Conducting a Multi-Site Trial with Individual IND Applications


Dr. Porter is an opinion leader in his medical specialty. He has an idea for a clinical trial using a lawfully marketed drug for an unapproved indication at a higher than recommended dose. In order to complete the study with the statistical power necessary to prove the hypothesis, he needs more patients than those available at his institution.

Dr. Porter contacts four colleagues at different institutions where the patient populations for this particular condition are larger. His colleagues are eager to participate as principal investigators at their respective institutions.

Dr. Porter knows this study will require the submission of an Investigational New Drug (IND) application. He works with the regulatory support staff in his institute’s clinical trials office.

The IND is completed and ready to be submitted to the Food and Drug Administration. It contains Form FDA 1571 naming Dr. Porter as the IND holder. It contains five Forms FDA 1572, one for each of the five principal investigators.


The legal staff reviews the agreements with the other four institutions and informs Dr. Porter that the institution does not want him to take on the regulatory responsibilities as the IND sponsor of a multi-site study.

Dr. Porter cannot complete this study without the participation of the other sites, and those sites are eager to participate.


Dr. Porter submits his investigator-initiated IND application as a single site to the FDA. Upon receipt by the FDA it is assigned an IND number. After the 30-day safety review, the FDA determines that it is safe to proceed.

Dr. Porter submits a letter to the FDA authorizing the FDA to refer to his IND in support of the IND applications to be submitted by each of his four colleagues. He sends a copy of this letter to his colleagues for inclusion in their own IND applications.

These IND applications are quite simple. Each consists of a cover letter, Forms FDA 1571 and 1572, the protocol and the letter authorizing cross-reference to Dr. Porter’s IND.

Lesson Learned:

Using this approach, each researcher is the sponsor-investigator of his/her own IND application. The protocols are identical and the statisticians at Dr. Porter’s institution can pool the data to obtain the number of subjects needed for statistical significance. Each IND sponsor-investigator must comply with the regulations for both sponsors and investigators. Dr. Porter does not have to take on the responsibility as the IND sponsor of a multi-site clinical trial.

Pertinent Regulations and Documents:

The Code of Federal Regulations describes IND applicability, responsibilities, records, and recordkeeping for sponsors and investigators [21 CFR 312]. The FDA has issued guidance documents that cover the topics of clinical trial monitoring, responsibilities of principal investigators, and good clinical practice (GCP).

Comments by Harvey M. Arbit, PharmD, MBA, the president of Arbit Consulting, LLC. He specializes in FDA regulatory affairs related to investigator-initiated IND and IDE research.

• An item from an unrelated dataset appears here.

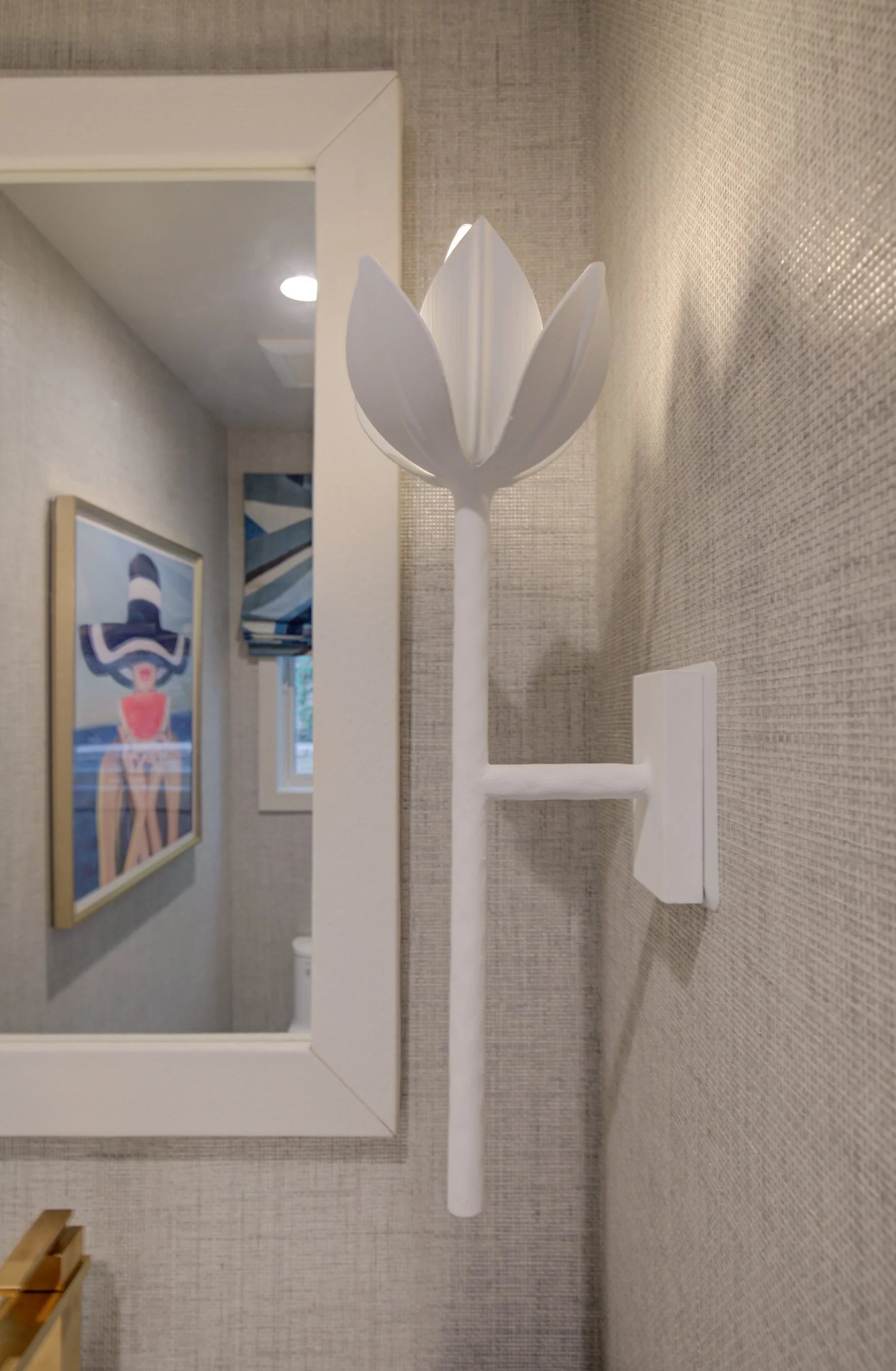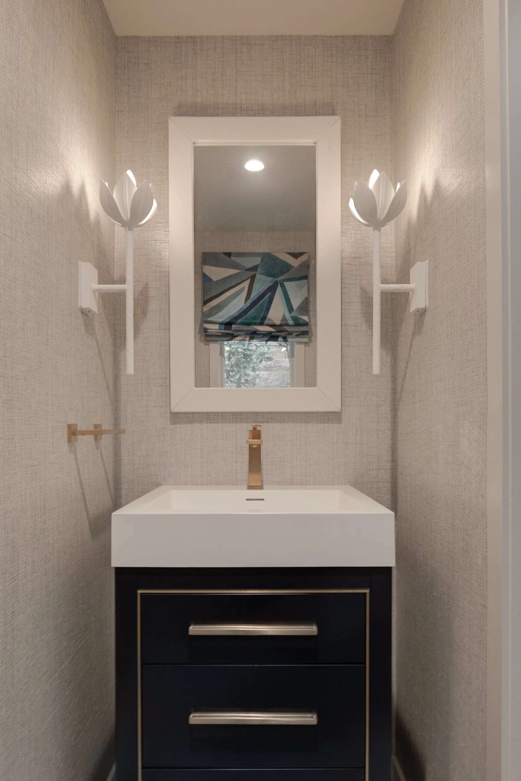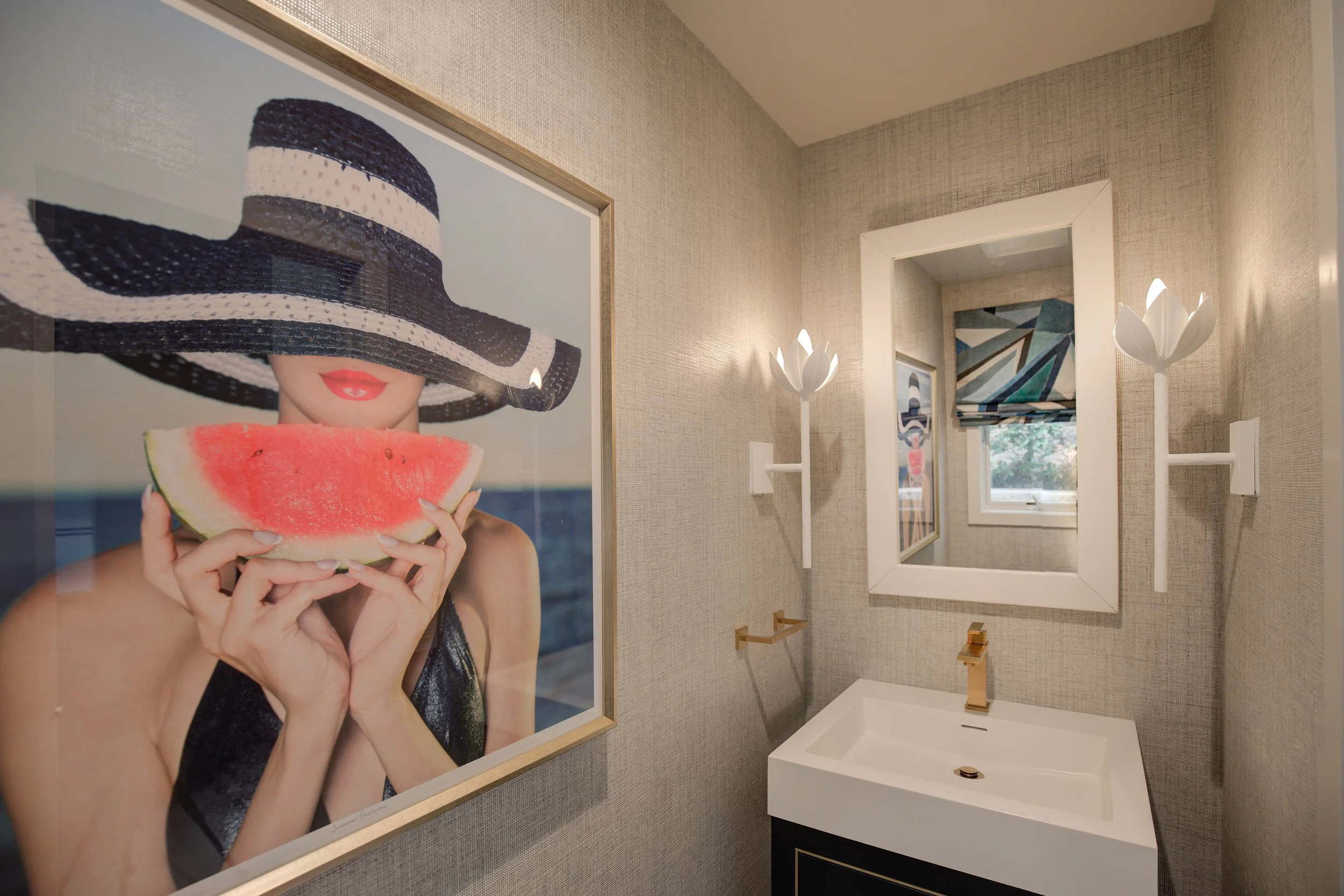We love going fully bold in our clients’ powder rooms, and so here we had tons of fun with our Trowbridge pop art and a chic nod to the beach, and Kravet fabric is the perfect complement for the Roman Shade.

Agree? Disagree? Submit your comments

Comments (5)
PhD, Post doc Fellow
written by Chrstine Olney, June 16, 2010
I am curious about wording in the participant consent form. Will each site mention in their consent forms that the data are to be pooled with other sites?
written by Dr. Arbit, June 16, 2010
Reply to Dr. Olney. Informing each participant that the data will be pooled presents full disclosure. I don't think an IRB would object to that.
Director, Ludwig Center at Dana-Farber/Harvard
written by George Demetri MD, June 16, 2010
This is a terrific mechanism that we should test here. We have struggled mightily under the weight of cross-institutional responsibilities to do high quality clinical trials in rare patient populations where multi-institutional participation would be more convenient for patients and more facilitative of appropriate study accrual without requiring patients to uproot themselves to come to a distant single center. Do you know whether such a regulatory strategy would be applicable for international academic clinical research collaborations? That is our next hurdle. Thank you.
Assistant Director, MGH Cancer Center Protocol Office
written by Glenn Siegmann, M.S., R.Ph., June 17, 2010
I do think this is the appropriate method to address the regulatory issues involved with multi-center, sponsor-investigator research and disperses the regulatory burden across the multiple centers however one still would need to ensure consistency and standardization of both the protocol, amendments, data collection tools and methods to ensure the the data could be easily pooled at the end of the study.
written by Anonymous, July 22, 2010
I think that this approach requires further regulatory feedback from the agency. It doesn't appear to make sense that the sub-investigators working on this scenario would not have to cross-reference the Marketing Authorization Holder's (MAH) IND for the marketed drug. In addition, it is doubtful that the FDA would enable the same protocol to be conducted under multiple INDs as well as the fact that safety information on this study would be diluted across multiple INDs.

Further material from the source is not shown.